In trying to avoid summary judgment, plaintiff argued that the police should have known better than to believe the boyfriend's version of events and that they should have credited plaintiff's account instead. This argument has been rejected in prior cases. "Absent circumstances that raise doubts about the victim's veracity, the veracity of citizen complaints who are the victims of the very crime they report to the police is assumed." That language is from Lee v. Sandberg, 136 F.3d 94, 103 (2d Cir. 1997).
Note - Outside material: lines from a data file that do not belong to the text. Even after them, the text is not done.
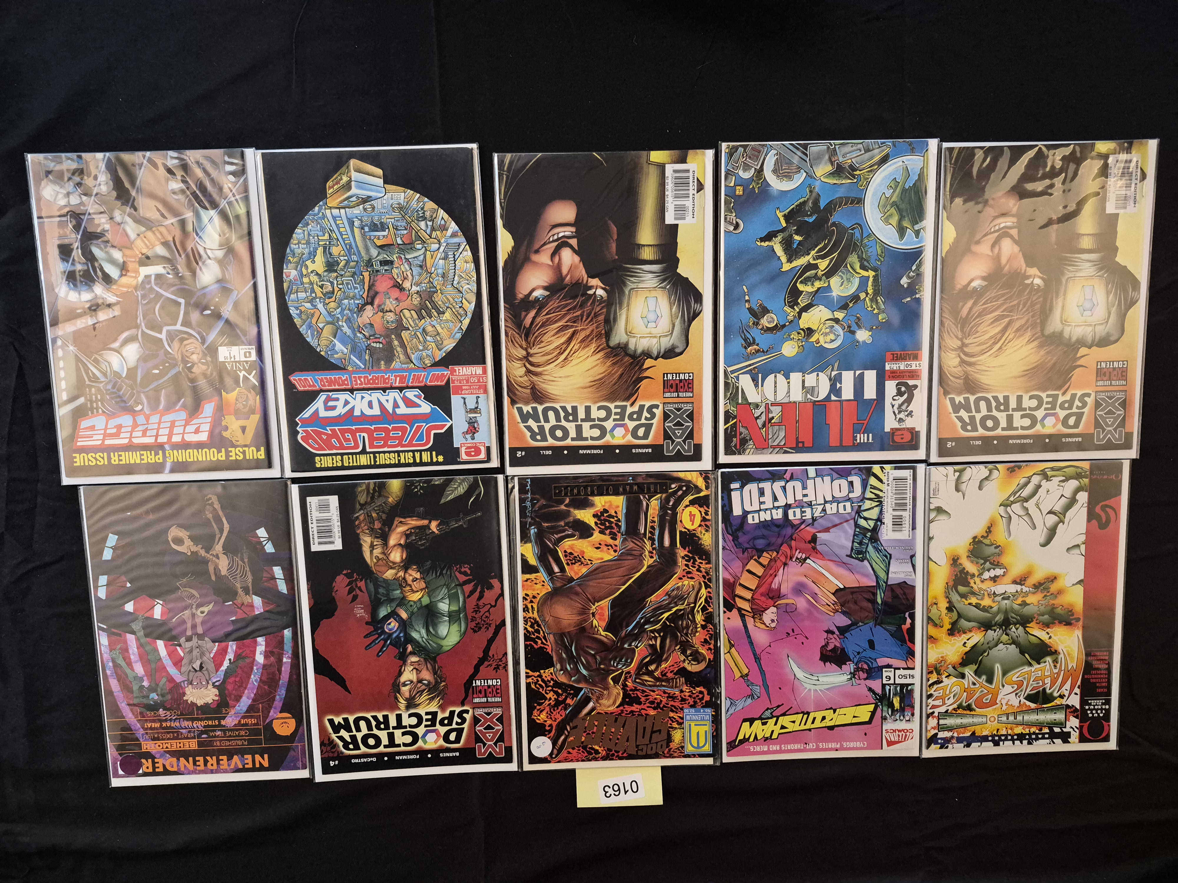 BID PER WHAT YOU SEE IN THE PHOTO, NOT THE AI GENERATED TITLES AND DESCRIPTIONS! A collection of 10 modern collectible comic books published by various independent and major-independent publishers, dating primarily from the early 1990s through the contemporary era. Each comic book is individually protected in a clear plastic sleeve with a backing board, consistent with standard modern comic storage practices. The lot includes titles such as Max Comics’ Doctor Spectrum (multiple issues, including #2 and #4), Epic Comics/Marvel’s The Alien Legion and Steelgrip Starkey #1 (a six-issue limited series), Millennium’s Doc Savage #4, Omega’s Mael’s Rage, Alterna Comics’ Scrimshaw, Behemoth’s Neverender, and Ania’s A Purge #0 (Premier Issue). Visible issue numbers range from #0 to #4. The collection features contemporary illustration styles and diverse genres, often categorized in the market as "Indie Comics Lot." A yellow adhesive note marked "0163" is visible above the top center item.
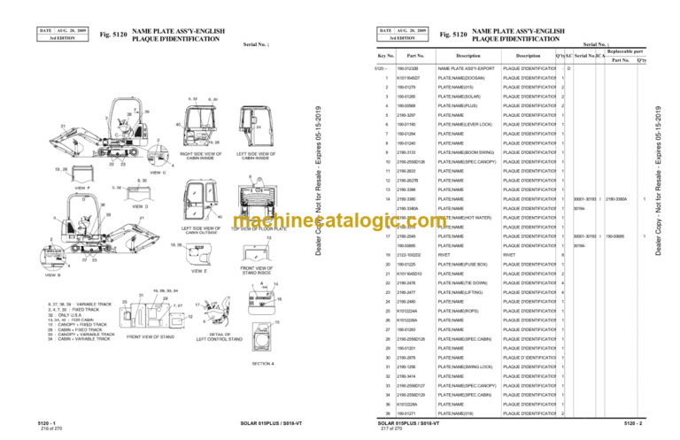 Doosan S015 Plus, S018-VT Excavator Parts Manual (Serial Number 30001 and Up)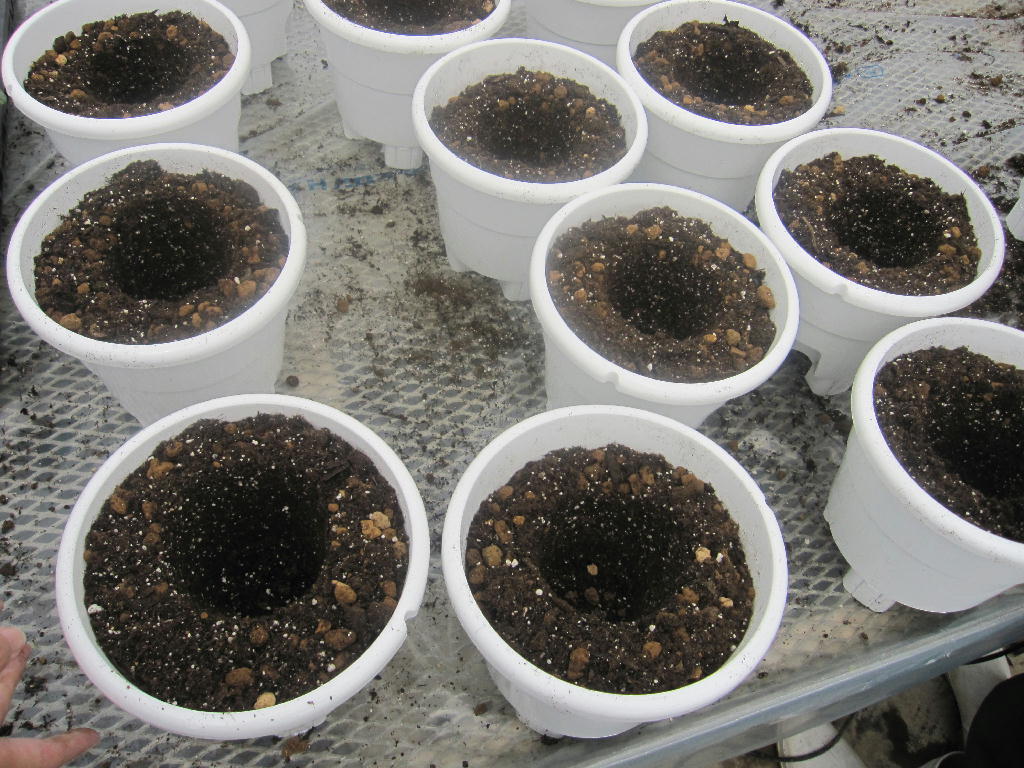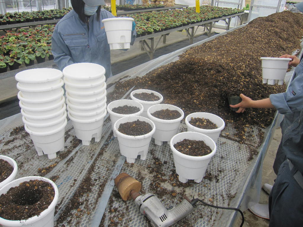 鉢に蒸気消毒された清潔な土を詰めていきます。土の量が同じになるようにします。鉢内の土の容量が違うと後々の肥培管理や水管理が大変です(>_<)

Interesting footnote turns up in this case. Plaintiff argues the police fabricated evidence against her, a substantive due process violation. But manufactured evidence by itself does not give you a case, especially if the arrest is otherwise supported by probable cause. As it happens, the Court of Appeals says in a footnote, the district court said the existence of probable cause is enough to defeat the due process claim. That was incorrect, the Circuit says, as per a Second Circuit ruling, Garnett v. Undercover Officer, 838 F.3d 265 (2d Cir. 2016), which said a Section 1983 case based on an officer's false information can proceed even if the police have probable cause to arrest. But that is harmless error in this case because the trial court reached the correct result. The footnote continues with this:
although we note that there may be some tension in our jurisprudence concerning the fabrication of evidence, we need not resolve any such confusion here because McIntosh was not subjected any deprivation due to fabricated evidence. Compare, e.g., Dufort v. City of New York, 874 F.3d 338, 355 (2d Cir. 2017) (“Mere attempts to withhold or falsify evidence cannot form the basis for a § 1983 claim for a violation of the right to due process when those attempts have no impact on the conduct of a criminal trial” because “[t]he constitutional right on which [such a] claim rests is the right to have one’s case tried based on an accurate evidentiary record that has not been manipulated by the prosecution.”); with Garnett, 838 F.3d at 277 (“The setting of bail, which may make the difference between freedom and confinement pending trial, and the prosecutor’s decision to pursue charges rather than to dismiss the complaint without further action, may depend on the prosecutor’s and magistrate’s assessments of the strengths of the case, which in turn may be critically influenced by fabricated evidence. Thus, a further deprivation of liberty can result from the fabrication of evidence even if the initial arrest is lawful.”).So we have some confusion in the Second Circuit about when you can sue over false police evidence. That conflict will be resolved some day, just not this case.